BONITA SPRINGS, Fla. --New court documents released in the murder of popular Florida doctor Teresa Sievers allege the woman's husband plotted her death as their marriage dissolved amid affairs and financial troubles, reports CBS affiliate WINK. Also among the revelations in the more than 1,000 pages of new information released Tuesday -- the couple had five life insurance policies on each other totaling more than $4.4 million.
The documents, released by the Lee County State Attorney's office and obtained by the station, reveal gruesome new information about the woman's bludgeoning death inside her southwest Florida home in June. They also detail evidence against two men allegedly hired to kill her -- Curtis Wayne Wright, 47, and Jimmy Ray Rodgers, 25, both of Missouri. Her husband, Mark Sievers, who investigators allege "had direct involvement in the planning and execution" of the crime, has not been charged.
Mark Sievers' lawyer, Lee Hollander, told 48 Hours' Crimesider his client denies any involvement in the murder, but Hollander said he hadn't seen the new documents and couldn't comment on them.

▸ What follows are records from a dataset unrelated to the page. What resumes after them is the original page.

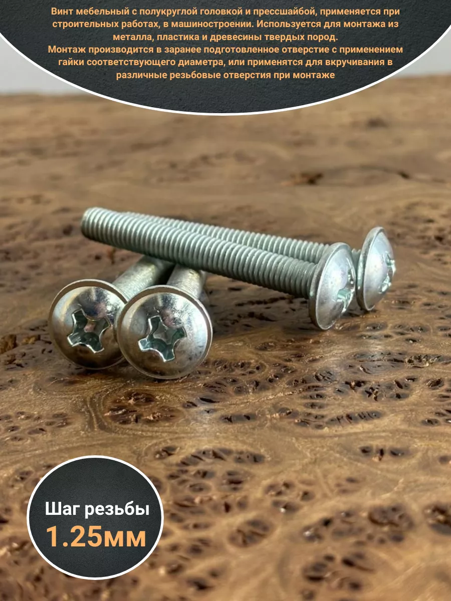 Винт мебельный с полукруглой головкой и прессшайбой, применяется при строительных работах, в машиностроении. Используется для монтажа из металла, пластика и древесины твердых пород. Монтаж производится в заранее подготовленное отверстие с применением гайки соответствующего диаметра, или применятся для вкручивания в различные резьбовые отверстия при монтаже. Винт мебельный DIN 967 — это универсальное крепежное изделие в виде стержня с наружной резьбой, выполненной по всей длинне. Головка крепежа в виде полусферы с широкими полями, на головке имеются пазы под крестовую отвертку. При проведении монтажа можно использовать как PZ, так и SL отвертки или насадки, что делает крепеж универсальным.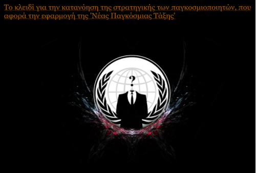 Σε αυτή τη σελίδα, θα παρουσιαστεί μια ολοκληρωμένη επισκόπηση της πραγματικής φύσης της Νέας Παγκόσμιας Τάξης και της παγκοσμιοποιητικής στρατηγικής, για την οικοδόμησή της και την παρουσίασή της στο κοινό.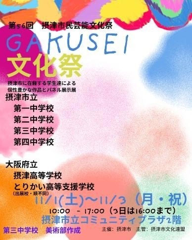 摂津市内の学生たちによる個性あふれる作品展示が行われます。摂津市立第一中学校、第二中学校、第三中学校、第四中学校、大阪府立摂津高等学校、大阪府立とりかい高等支援学校の生徒たちによる力作をご覧いただけます。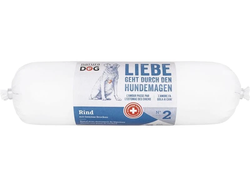 Bringen Sie Mensch, Tier und Natur ins Gleichgewicht und ernähren Sie Ihren Hund zu 100% mit Schweizer Fleisch. Es wurde ausschliesslich Fleisch von Schweizer Landwirtschaftsbetrieben und glutenfreies Getreide verwendet. Das Nassfutter wurde hitzebehandelt für eine ideale Lagerbedingung selbst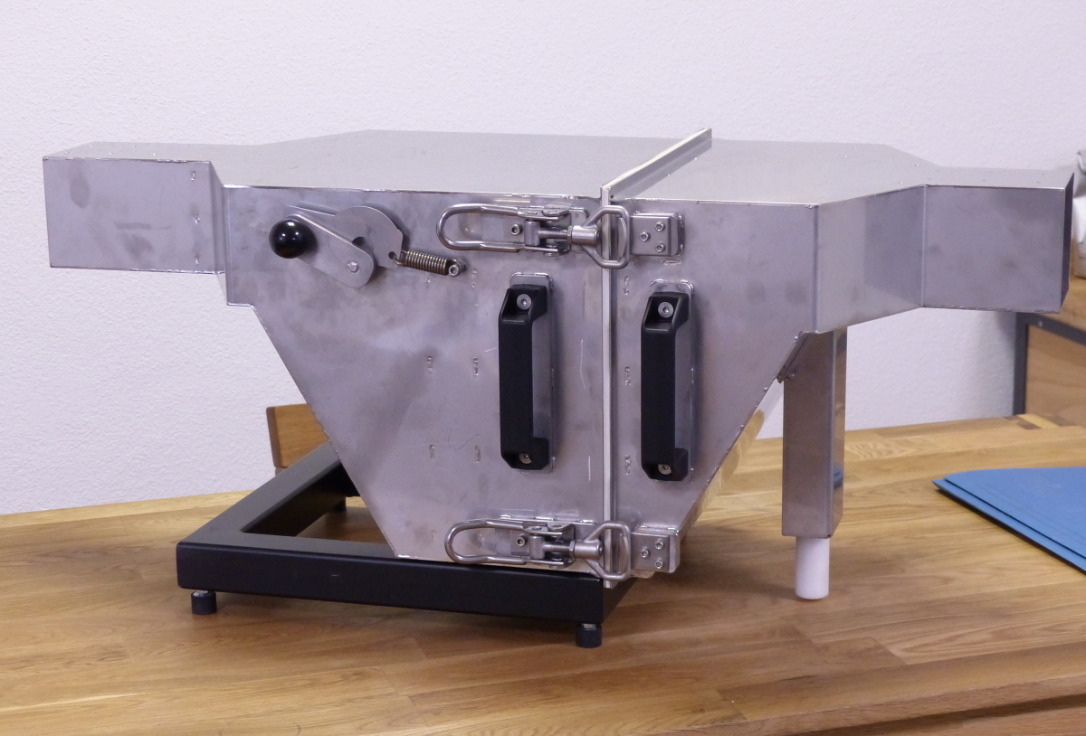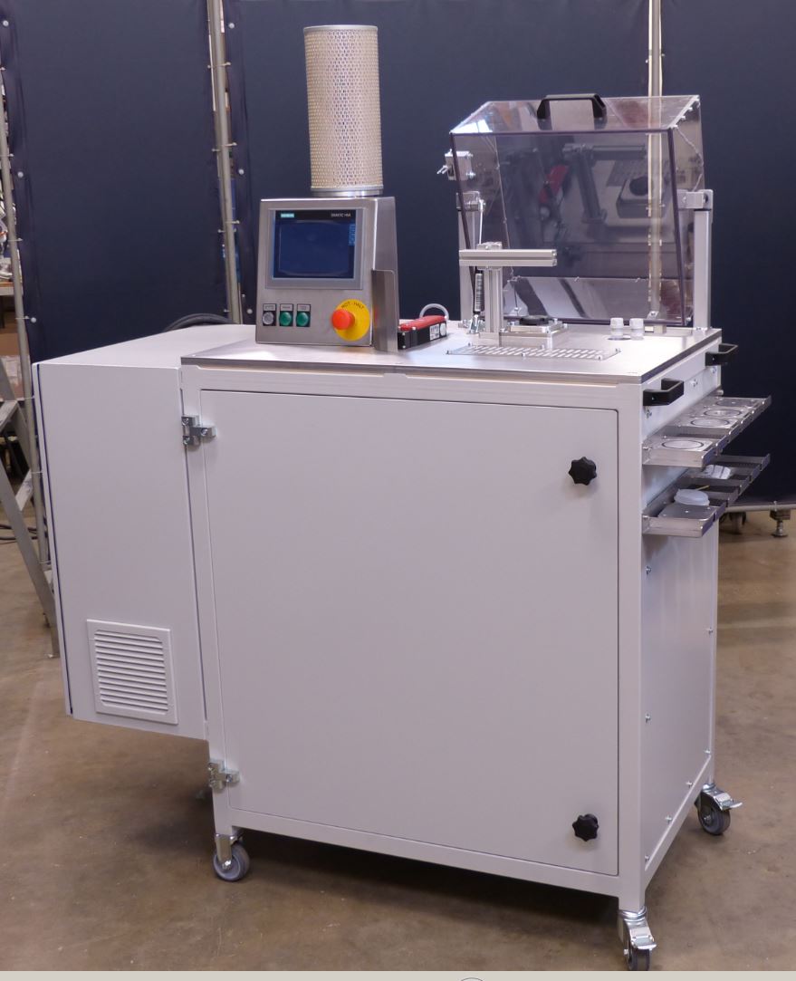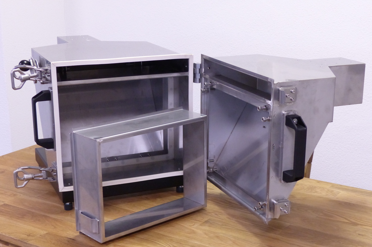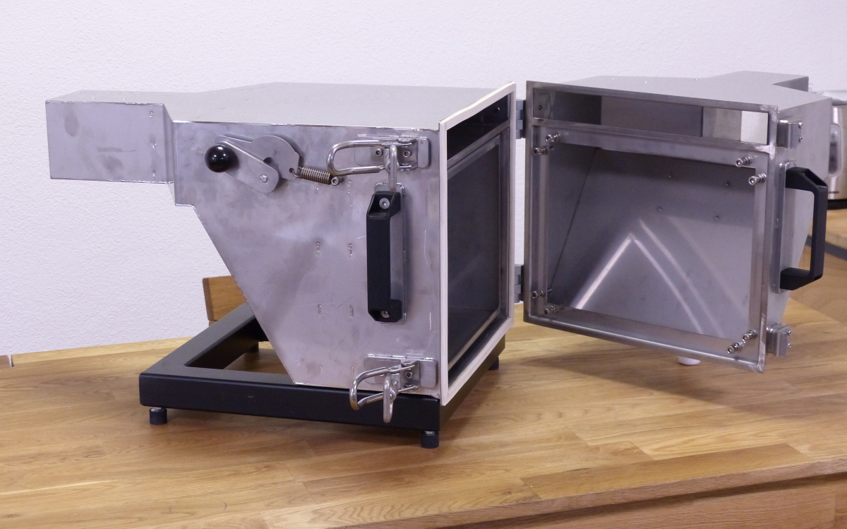 Um eine realitätsnahe Testung von Atemschutzmasken durchführen zu können, wurde diese Prüfkammer für einen Partikelfilter- Prüfstand in Zusammenarbeit mit Fa. Fiatec (Filter & Aerosol Technologie) entwickelt. Der Prüfkopf ist um 180 ° drehbar, sodass Ein- und Ausatmung simuliert werden können. Ziel ist es, eine Normung für Pandemiemasken voran zu treiben.

Wright, who is reportedly Mark Sievers' childhood friend, and Rodgers, face second-degree murder charges in the case.
Teresa Sievers, 46, was discovered beaten to death with a hammer June 29 inside her Bonita Springs home. She was found with 17 scalp lacerations and multiple skull fractures, reports the station, citing a police probable cause affidavit.
Investigators allege the grisly crime scene was staged to look like a burglary, according to WINK.
Using rental car GPS records, detectives say they were able to track the movements of the two men charged in the case -- Wright and Rodgers -- near the time of the murder. According to the station, on June 27, Wright drove from his home in Missouri and picked up Rodgers -- about a half an hour away, also in Missouri -- and the two drove to the Bonita Springs home, more than 1,000 miles away.
They say Teresa Seivers was still away at a family gathering in Connecticut. The two were reportedly seen on camera at a local WalMart buying items including flushable wet wipes, 30 gallon trash bags, a lock pick set, black shoes, water shoes and black towels, the documents said.
The evening of June 28, according to the documents, Mark Sievers called Teresa Seivers' mother, Bonnie -- who was at the Bonita Springs home caring for the family pets while her daughter was away -- and asked her to leave the house alarm de-activated because his wife was expected to arrive later that night.
Detectives believe Sievers was murdered after she returned home. Neighbors heard screams coming from the home between 2 a.m. and 4 a.m., reports the station. A family friend discovered her body that day.
After the murder, detectives say Wright and Rodgers returned to Missouri, reports the station -- but Wright later returned to attend Teresa Sievers' funeral.
Investigators say they spoke to Rodgers' girlfriend, who said Rodgers told her Wright was hired to kill Teresa Sievers for insurance money, and that Wright was to pay Rodgers $10,000 to help.
"This murder was committed in expectation of Wright getting paid an undisclosed amount of money from Mark Sievers and then in turn, he was to pay Rodgers $10,000 for his involvement," detectives reportedly said in court documents.
The girlfriend said that when she spoke to Rodgers about the murder, she wondered aloud if the woman had been shot to death. According to the court documents, she said Rodgers laughed, and said no, that he had "killed her with a hammer."
Investigators said they found evidence of Wright and Mark Sievers having been in contact using "burner" phones, disposable cell phones, since May.
Investigators believe the killing may be related to the couple's financial problems, reports the station. The IRS filed a federal tax lien against the two after they failed to pay more than $32,000 in income taxes in 2013, the documents said. According to the station, Mark Sievers told detectives the couple often lived month to month and didn't have a lot of financial stability.
Mark Sievers allegedly told detectives the couple both had affairs outside of their marriage and had experimented with "swinging" with other couples, but said he didn't believe any of his wife's other partners would harm her.
Five neighbors reportedly told police they heard the couple arguing. Mark Sievers reportedly told detectives that he was considering divorcing his wife, and a family friend told authorities Teresa Sievers was thinking about divorcing her husband.
Rodgers is serving six months in federal prison for a probation violation in an unrelated gun case. Wright was arrested in August in Missouri and has since been extradited to Florida.